Tunisian police protest ban on joining unions

Interim Prime Minister Beji Caid Sebsi said the ban was effective immediately to "stop any union activity of the security forces given the dangers it represents for the country's security".

Tunisian police protest ban on joining unions

Tunisia banned the security forces from joining unions on Tuesday, prompting hundreds of police to protest against a transitional government that some Tunisians say has betrayed their "Arab Spring" uprising.

Interim Prime Minister Beji Caid Sebsi said the ban was effective immediately to "stop any union activity of the security forces given the dangers it represents for the country's security".

Hundreds of police quickly gathered outside his office in the centre of the capital Tunis, some wearing civilian clothes with armbands saying 'police' and others in uniform. They shouted slogans calling for an end to government corruption.

The protest was the latest against the transitional government, which has been struggling to restore stability since mass protests ousted president Zine Al-Abidine Ben Ali on Jan. 14 after 23 years in power.

Sebsi reiterated that Tunisia's elections to a constitutional assembly to write a new constitution would take place on Oct. 23 after a delay of several months.

"The elections will take place at the fixed deadline, whether some like it or not," he said.

Some political parties have called for a referendum on Oct. 23 on a future political system. Sebsi said such a referendum would need to be discussed with President Fouad Mebazza and political parties first.

Tunisia electrified the Middle East in January when its revolution became the template for uprisings across the region -- especially in Egypt and Libya.

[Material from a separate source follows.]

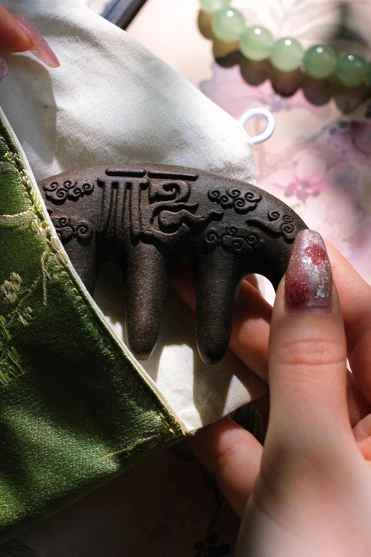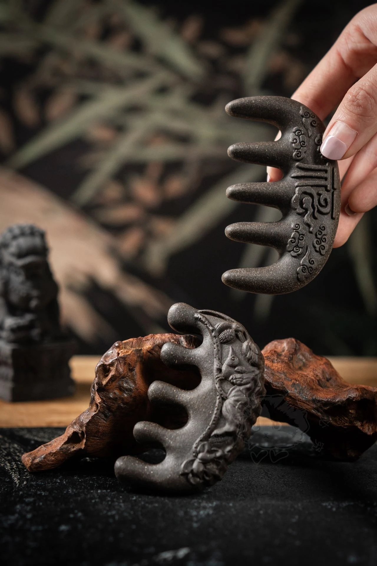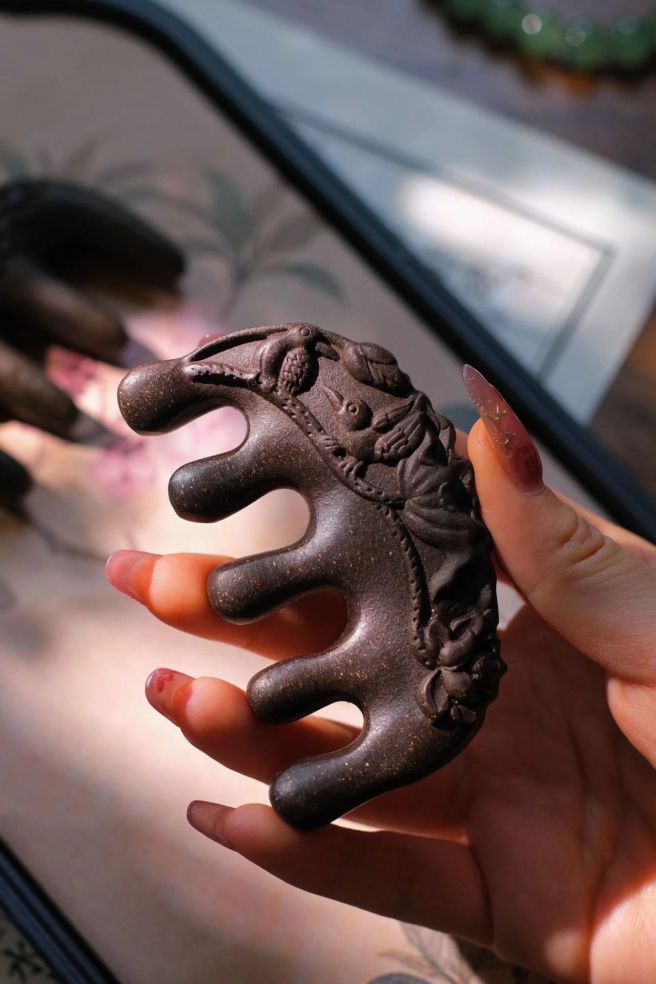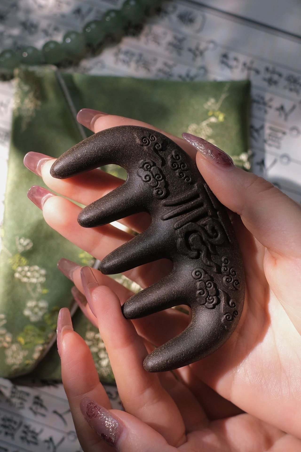 非遗大师手作❗️【非遗古法何首乌合香梳】非遗传承人曾建全老师亲自合香~模拟人手指压设计,圆头梳齿,保护头皮✅一梳多用,头部+颈肩+四肢+关节梳通按摩刮痧!

But, whereas Egypt's Hosni Mubarak is facing trial in Cairo and Libya's Muammar Gaddafi is on the run, Ben Ali is in exile in Saudi Arabia and many Tunisians say he and his supporters should have been prosecuted more vigorously.

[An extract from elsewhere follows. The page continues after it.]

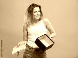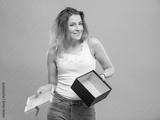 Sad woman holding gift box

They suspect some in the interim government of sympathising with him.

There was an outpouring of anger after the justice minister under Ben Ali was released from jail and a high-profile friend of the ex-president's wife was able to flee to Paris.

Last month, Tunisian security forces used teargas against protesters in the capital demanding the government step down for failing to prosecute supporters of the ousted president. Thousands of people also protested in other towns and cities.